» Given data:
++++++++++++++++++++
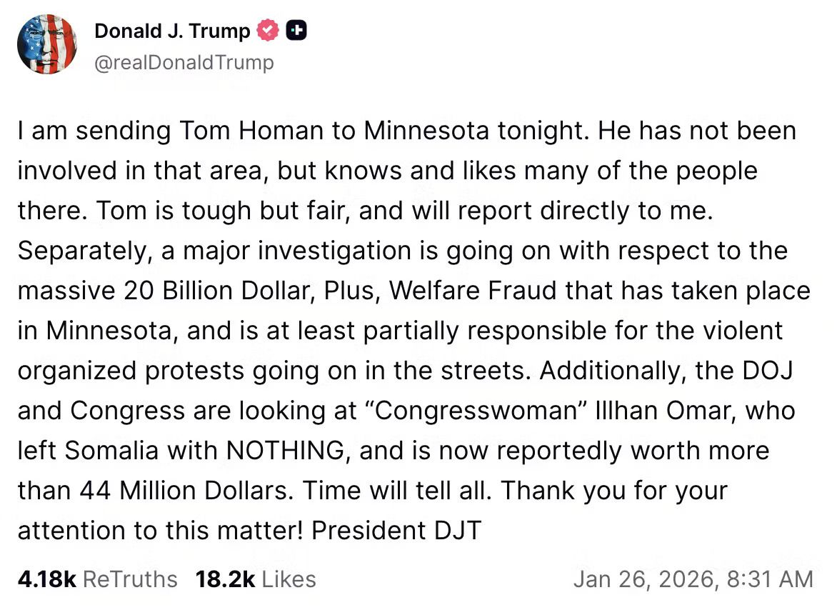 Trump made the message clear: enforcement will continue, law enforcement will be protected, and a massive Minnesota fraud investigation is just getting started. |
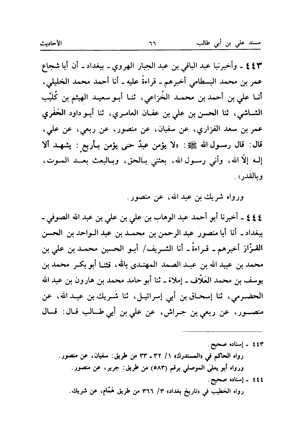 ٤٤٣ - وَأَخْبَرَنَا عَبْدُ الْبَاقِي بْنُ عَبْدِ الْجَبَّارِ الْهَرَوِيُّ - بِبَغْدَادَ - أَنَّ أَبَا شُجَاعٍ عُمَرَ بْنَ مُحَمَّدٍ الْبِسْطَامِيَّ أَخْبَرَهُمْ - قِرَاءَةً عَلَيْهِ - أَنَا أَحْمَدُ مُحَمَّدٌ الْخَلِيلِيُّ، أَنَا عَلِيُّ بْنُ أَحْمَدَ بْنِ مُحَمَّدٍ الْخُزَاعِيُّ، ثَنَا أَبُو سَعِيدٍ الْهَيْثَمُ بْنُ كُلَيْبٍ الشَّاشِيُّ، ثَنَا الْحَسَنُ بْنُ عَلِيِّ بْنِ عَفَّانَ الْعَامِرِيُّ، ثَنَا أَبُو دَاوُدَ الْحَفَرِيُّ، عُمَرُ بْنُ سَعْدٍ الْفَزَارِيُّ، عَنْ سُفْيَانَ، عَنْ مَنْصُورٍ، عَنْ رِبْعِيٍّ، عَنْ عَلِيٍّ قَالَ: قَالَ رَسُولُ اللهِ - صَلَّى اللهُ عَلَيْهِ وَسَلَّمَ-: «لَا يُؤْمِنُ عَبْدٌ حَتَّى يُؤْمِنَ بِأَرْبَعٍ: يَشْهَدُ أَلَّا إِلَهَ إِلَّا اللهُ، وَأَنِّي رَسُولُ اللهِ، بَعَثَنِي بِالْحَقِّ، وَبِالْبَعْثِ بَعْدَ الْمَوْتِ، وَبِالْقَدَرِ».
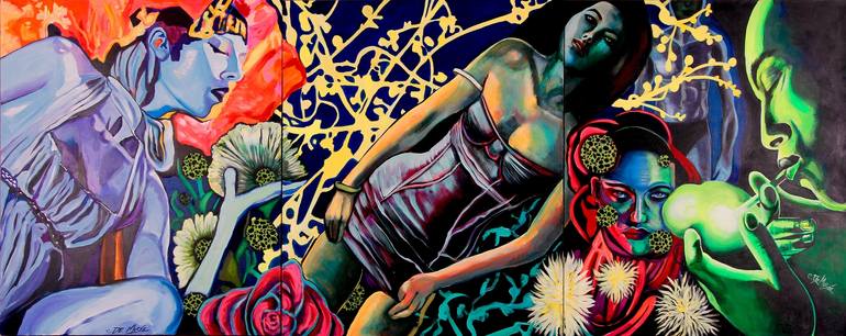 Walking into Christina De Musée's lavish studio in Palm Desert, CA is like being pulled into an artistic vortex of rich colors and fantastical imagery that pulsates with a dynamic life-force; a sensory feast. Her studio is also her home and a spectacular gallery that gives an entrance to Christina's private and exotic universe. De Musée emerged onto the art scene in the 1980's in Los Angeles, when securing a presence as an artistic talent was a tough road for women. Early on, De Musée knew that she had to incorporate her magnetic persona into the marketing of her art, drawing attention through theatrical spectacles and flamboyant promotional events. This controversial approach to showing her art gained her attention of Hollywood celebrities, the media and prominent art collectors. The critics took notice and a star was born. Christina continues, "My latest series is an aggregation of different themes, the mystical, the powerful, the vain, the decadent, the transcendent and, of course, the humorous and sexual aspects all thrown together into wild compositions." Some of these paintings are stimulated by the hidden and not so hidden social events of the desert. Works such as "I Kiss You Electric" and "Secret Garden" are an exploration of these themes. De Musée's artwork overflows with vibrancy, theatricality and a memorable cast of characters. Sometimes labeled as outrageous, provocative and shocking, the artist's work is unique and unforgettable. It is fun, it is daring - but it is never grim, much like the artist herself. All of Christina's artworks are personality driven. She has a passion for life and that passion infuses not only her work but every other aspect of her life. Christina enthusiastically explains her calling by saying, "Art is a drive and a compulsion. It is like plunging into a fast moving river and as the ideas come rapidly, like a torrent, they must be acted upon or lost forever. This is why I like to paint two or three paintings at the same time. With my work, people are getting a lot more than just a painting. The art collectors are getting a full panorama of mood and presence. My mother used to bake what was called a 1,000 layer cake and that is the essence of my art. The content is rich and layered with many visual tastes." Christina De Musée uses diverse subject matter to create a collage of disparate images that foster a visual story that teases the mind.
++++++++++++++++++++
» Work order: From the first line to the last, give the data again exactly, but without pictures.

» Answer box:
 Trump made the message clear: enforcement will continue, law enforcement will be protected, and a massive Minnesota fraud investigation is just getting started. |
 ٤٤٣ - وَأَخْبَرَنَا عَبْدُ الْبَاقِي بْنُ عَبْدِ الْجَبَّارِ الْهَرَوِيُّ - بِبَغْدَادَ - أَنَّ أَبَا شُجَاعٍ عُمَرَ بْنَ مُحَمَّدٍ الْبِسْطَامِيَّ أَخْبَرَهُمْ - قِرَاءَةً عَلَيْهِ - أَنَا أَحْمَدُ مُحَمَّدٌ الْخَلِيلِيُّ، أَنَا عَلِيُّ بْنُ أَحْمَدَ بْنِ مُحَمَّدٍ الْخُزَاعِيُّ، ثَنَا أَبُو سَعِيدٍ الْهَيْثَمُ بْنُ كُلَيْبٍ الشَّاشِيُّ، ثَنَا الْحَسَنُ بْنُ عَلِيِّ بْنِ عَفَّانَ الْعَامِرِيُّ، ثَنَا أَبُو دَاوُدَ الْحَفَرِيُّ، عُمَرُ بْنُ سَعْدٍ الْفَزَارِيُّ، عَنْ سُفْيَانَ، عَنْ مَنْصُورٍ، عَنْ رِبْعِيٍّ، عَنْ عَلِيٍّ قَالَ: قَالَ رَسُولُ اللهِ - صَلَّى اللهُ عَلَيْهِ وَسَلَّمَ-: «لَا يُؤْمِنُ عَبْدٌ حَتَّى يُؤْمِنَ بِأَرْبَعٍ: يَشْهَدُ أَلَّا إِلَهَ إِلَّا اللهُ، وَأَنِّي رَسُولُ اللهِ، بَعَثَنِي بِالْحَقِّ، وَبِالْبَعْثِ بَعْدَ الْمَوْتِ، وَبِالْقَدَرِ».
 Walking into Christina De Musée's lavish studio in Palm Desert, CA is like being pulled into an artistic vortex of rich colors and fantastical imagery that pulsates with a dynamic life-force; a sensory feast. Her studio is also her home and a spectacular gallery that gives an entrance to Christina's private and exotic universe. De Musée emerged onto the art scene in the 1980's in Los Angeles, when securing a presence as an artistic talent was a tough road for women. Early on, De Musée knew that she had to incorporate her magnetic persona into the marketing of her art, drawing attention through theatrical spectacles and flamboyant promotional events. This controversial approach to showing her art gained her attention of Hollywood celebrities, the media and prominent art collectors. The critics took notice and a star was born. Christina continues, "My latest series is an aggregation of different themes, the mystical, the powerful, the vain, the decadent, the transcendent and, of course, the humorous and sexual aspects all thrown together into wild compositions." Some of these paintings are stimulated by the hidden and not so hidden social events of the desert. Works such as "I Kiss You Electric" and "Secret Garden" are an exploration of these themes. De Musée's artwork overflows with vibrancy, theatricality and a memorable cast of characters. Sometimes labeled as outrageous, provocative and shocking, the artist's work is unique and unforgettable. It is fun, it is daring - but it is never grim, much like the artist herself. All of Christina's artworks are personality driven. She has a passion for life and that passion infuses not only her work but every other aspect of her life. Christina enthusiastically explains her calling by saying, "Art is a drive and a compulsion. It is like plunging into a fast moving river and as the ideas come rapidly, like a torrent, they must be acted upon or lost forever. This is why I like to paint two or three paintings at the same time. With my work, people are getting a lot more than just a painting. The art collectors are getting a full panorama of mood and presence. My mother used to bake what was called a 1,000 layer cake and that is the essence of my art. The content is rich and layered with many visual tastes." Christina De Musée uses diverse subject matter to create a collage of disparate images that foster a visual story that teases the mind.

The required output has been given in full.